[INPUT DATA]

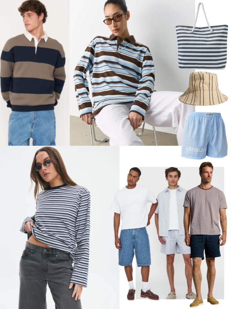 Pictured clockwise from left: Hallensteins: Heavy Weight Polo $49.99, Glassons: Oversized Polo Top $39.99, Kmart: Rope Canvas Beach Bag $14, Max: Rose Stripe Bucket Hat $59.99, Hallensteins: Leisure Striped Boxers $14.99, Rollins Supima Stripe Tee $69.99, Textured Stripe Shirt $49.99 + Shorts $39.99, Striped Baggy Jorts $49.99, Glassons: Oversized Long Sleeved Top $29.99
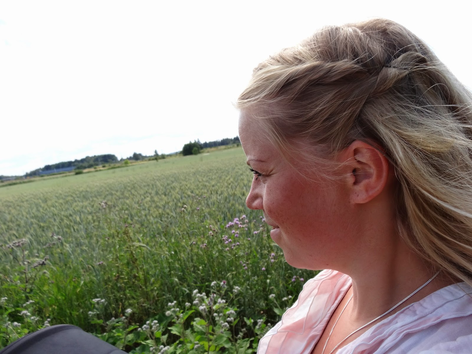 Jag gick längs med fält och fick anpassa min väg efter hur solen låg. Det var mestadels soligt under promenaden och barnen låg och sov åt olika håll. De gångvägar som ligger närmast vårt hus är vägar som ligger vid öppna fält och längs bilvägar. Det kan därmed vara svårt att promenera i skugga när solen står högt. Inte helt optimalt med en nyfödd i vagnen.
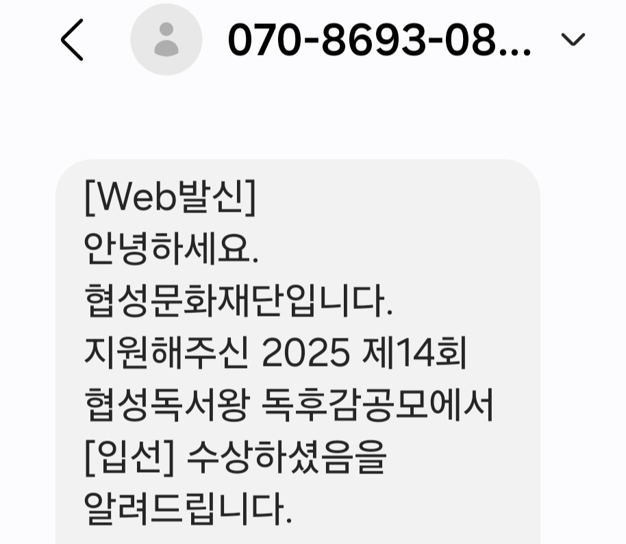 그런데 그 독후감이 덜컥 '입선'에 선정이 되었다는 문자를 받고 얼마나 놀랐는지 몰라.
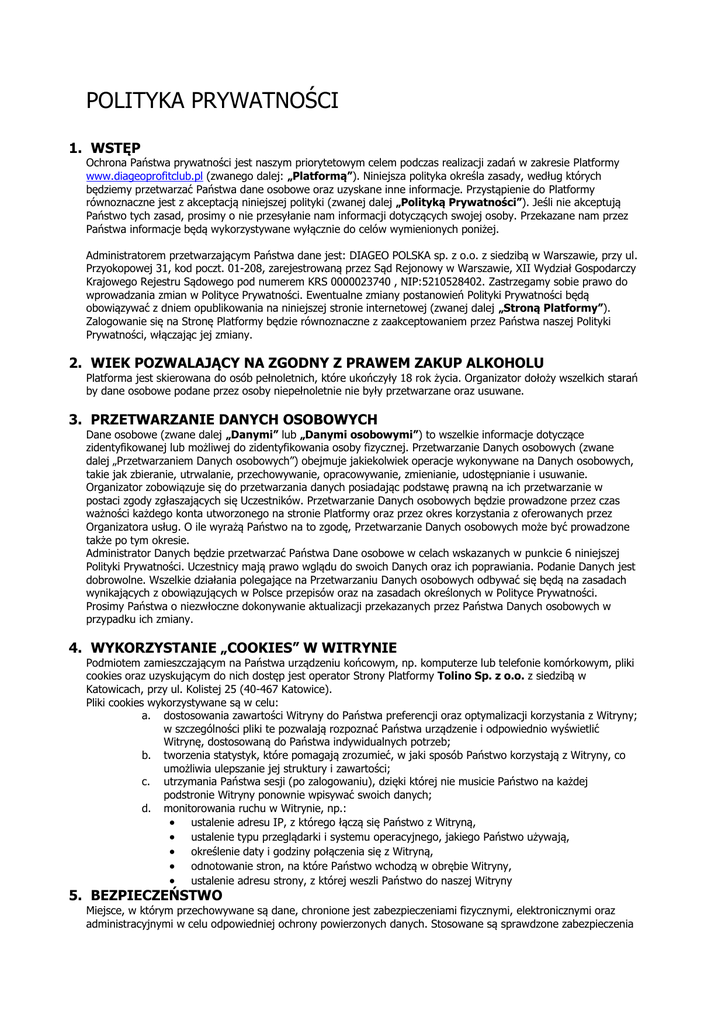 POLITYKA PRYWATNOŚCI 1. WSTĘP Ochrona Państwa prywatności jest naszym priorytetowym celem podczas realizacji zadań w zakresie Platformy www.diageoprofitclub.pl (zwanego dalej: „Platformą”). Niniejsza polityka określa zasady, według których będziemy przetwarzać Państwa dane osobowe oraz uzyskane inne informacje. Przystąpienie do Platformy równoznaczne jest z akceptacją niniejszej polityki (zwanej dalej „Polityką Prywatności”). Jeśli nie akceptują Państwo tych zasad, prosimy o nie przesyłanie nam informacji dotyczących swojej osoby. Przekazane nam przez Państwa informacje będą wykorzystywane wyłącznie do celów wymienionych poniżej. Administratorem przetwarzającym Państwa dane jest: DIAGEO POLSKA sp. z o.o. z siedzibą w Warszawie, przy ul. Przyokopowej 31, kod poczt. 01-208, zarejestrowaną przez Sąd Rejonowy w Warszawie, XII Wydział Gospodarczy Krajowego Rejestru Sądowego pod numerem KRS 0000023740 , NIP:5210528402. Zastrzegamy sobie prawo do wprowadzania zmian w Polityce Prywatności. Ewentualne zmiany postanowień Polityki Prywatności będą obowiązywać z dniem opublikowania na niniejszej stronie internetowej (zwanej dalej „Stroną Platformy”). Zalogowanie się na Stronę Platformy będzie równoznaczne z zaakceptowaniem przez Państwa naszej Polityki Prywatności, włączając jej zmiany. 2. WIEK POZWALAJĄCY NA ZGODNY Z PRAWEM ZAKUP ALKOHOLU Platforma jest skierowana do osób pełnoletnich, które ukończyły 18 rok życia. Organizator dołoży wszelkich starań by dane osobowe podane przez osoby niepełnoletnie nie były przetwarzane oraz usuwane. 3. PRZETWARZANIE DANYCH OSOBOWYCH Dane osobowe (zwane dalej „Danymi” lub „Danymi osobowymi”) to wszelkie informacje dotyczące zidentyfikowanej lub możliwej do zidentyfikowania osoby fizycznej. Przetwarzanie Danych osobowych (zwane dalej „Przetwarzaniem Danych osobowych”) obejmuje jakiekolwiek operacje wykonywane na Danych osobowych, takie jak zbieranie, utrwalanie, przechowywanie, opracowywanie, zmienianie, udostępnianie i usuwanie. Organizator zobowiązuje się do przetwarzania danych posiadając podstawę prawną na ich przetwarzanie w postaci zgody zgłaszających się Uczestników. Przetwarzanie Danych osobowych będzie prowadzone przez czas ważności każdego konta utworzonego na stronie Platformy oraz przez okres korzystania z oferowanych przez Organizatora usług. O ile wyrażą Państwo na to zgodę, Przetwarzanie Danych osobowych może być prowadzone także po tym okresie. Administrator Danych będzie przetwarzać Państwa Dane osobowe w celach wskazanych w punkcie 6 niniejszej Polityki Prywatności. Uczestnicy mają prawo wglądu do swoich Danych oraz ich poprawiania. Podanie Danych jest dobrowolne. Wszelkie działania polegające na Przetwarzaniu Danych osobowych odbywać się będą na zasadach wynikających z obowiązujących w Polsce przepisów oraz na zasadach określonych w Polityce Prywatności. Prosimy Państwa o niezwłoczne dokonywanie aktualizacji przekazanych przez Państwa Danych osobowych w przypadku ich zmiany. 4. WYKORZYSTANIE „COOKIES” W WITRYNIE Podmiotem zamieszczającym na Państwa urządzeniu końcowym, np. komputerze lub telefonie komórkowym, pliki cookies oraz uzyskującym do nich dostęp jest operator Strony Platformy Tolino Sp. z o.o. z siedzibą w Katowicach, przy ul. Kolistej 25 (40-467 Katowice). Pliki cookies wykorzystywane są w celu: a. dostosowania zawartości Witryny do Państwa preferencji oraz optymalizacji korzystania z Witryny; w szczególności pliki te pozwalają rozpoznać Państwa urządzenie i odpowiednio wyświetlić Witrynę, dostosowaną do Państwa indywidualnych potrzeb; b. tworzenia statystyk, które pomagają zrozumieć, w jaki sposób Państwo korzystają z Witryny, co umożliwia ulepszanie jej struktury i zawartości; c. utrzymania Państwa sesji (po zalogowaniu), dzięki której nie musicie Państwo na każdej podstronie Witryny ponownie wpisywać swoich danych; d. monitorowania ruchu w Witrynie, np.: ustalenie adresu IP, z którego łączą się Państwo z Witryną, ustalenie typu przeglądarki i systemu operacyjnego, jakiego Państwo używają, określenie daty i godziny połączenia się z Witryną, odnotowanie stron, na które Państwo wchodzą w obrębie Witryny, ustalenie adresu strony, z której weszli Państwo do naszej Witryny 5. BEZPIECZEŃSTWO Miejsce, w którym przechowywane są dane, chronione jest zabezpieczeniami fizycznymi, elektronicznymi oraz administracyjnymi w celu odpowiedniej ochrony powierzonych danych. Stosowane są sprawdzone zabezpieczenia chroniące przed nieuprawnionym ujawnieniem, wykorzystaniem, zmianą lub zniszczeniem danych osobowych udostępnianych nam przez użytkowników za pośrednictwem niniejszej witryny internetowej. 6. REZYGNACJA, DOSTĘP, PYTANIA I DODATKOWE INFORMACJE Na Państwa prośbę lub gdy jest to wymagane przez przepisy prawa, zobowiązujemy się do potwierdzenia, jakie Państwa Dane osobowe są przez nas przechowywane. W tym celu prosimy przesłać zapytanie na adres poczty elektronicznej [email protected] Każdy użytkownik może samodzielnie w dowolnym momencie dokonać modyfikacji lub aktualizacji swoich Danych osobowych. W każdym czasie użytkownik może także usunąć swoje Dane osobowe, co będzie równoznaczne z zaprzestaniem korzystania z usług dostarczanych przez Organizatora za pośrednictwem Strony Platformy. Rezygnację z Platformy można zgłosić także bezpośrednio na adres mailowy [email protected] lub za pośrednictwem infolinii 22 100 54 75 7. LINKI Ta Witryna może zawierać linki lub odnośniki do stron i witryn znajdujących się poza naszą kontrolą. Informujemy, że nie mamy możliwości kontrolowania tych stron i witryn oraz że nasze przepisy dotyczące ochrony prywatności ich nie obejmują. Zachęcamy Państwa do przeczytania zasad ochrony prywatności oraz regulaminów stron połączonych, na które Państwo wchodzą po opuszc

[/INPUT DATA]

*INSTRUCTIONS TO FOLLOW*: The output is the lines from the start of the data above through the line containing "그런데 그 독후감이 덜컥", unchanged, with any picture left out.

*COMPLETED EXERCISE*:
 Pictured clockwise from left: Hallensteins: Heavy Weight Polo $49.99, Glassons: Oversized Polo Top $39.99, Kmart: Rope Canvas Beach Bag $14, Max: Rose Stripe Bucket Hat $59.99, Hallensteins: Leisure Striped Boxers $14.99, Rollins Supima Stripe Tee $69.99, Textured Stripe Shirt $49.99 + Shorts $39.99, Striped Baggy Jorts $49.99, Glassons: Oversized Long Sleeved Top $29.99
 Jag gick längs med fält och fick anpassa min väg efter hur solen låg. Det var mestadels soligt under promenaden och barnen låg och sov åt olika håll. De gångvägar som ligger närmast vårt hus är vägar som ligger vid öppna fält och längs bilvägar. Det kan därmed vara svårt att promenera i skugga när solen står högt. Inte helt optimalt med en nyfödd i vagnen.
 그런데 그 독후감이 덜컥 '입선'에 선정이 되었다는 문자를 받고 얼마나 놀랐는지 몰라.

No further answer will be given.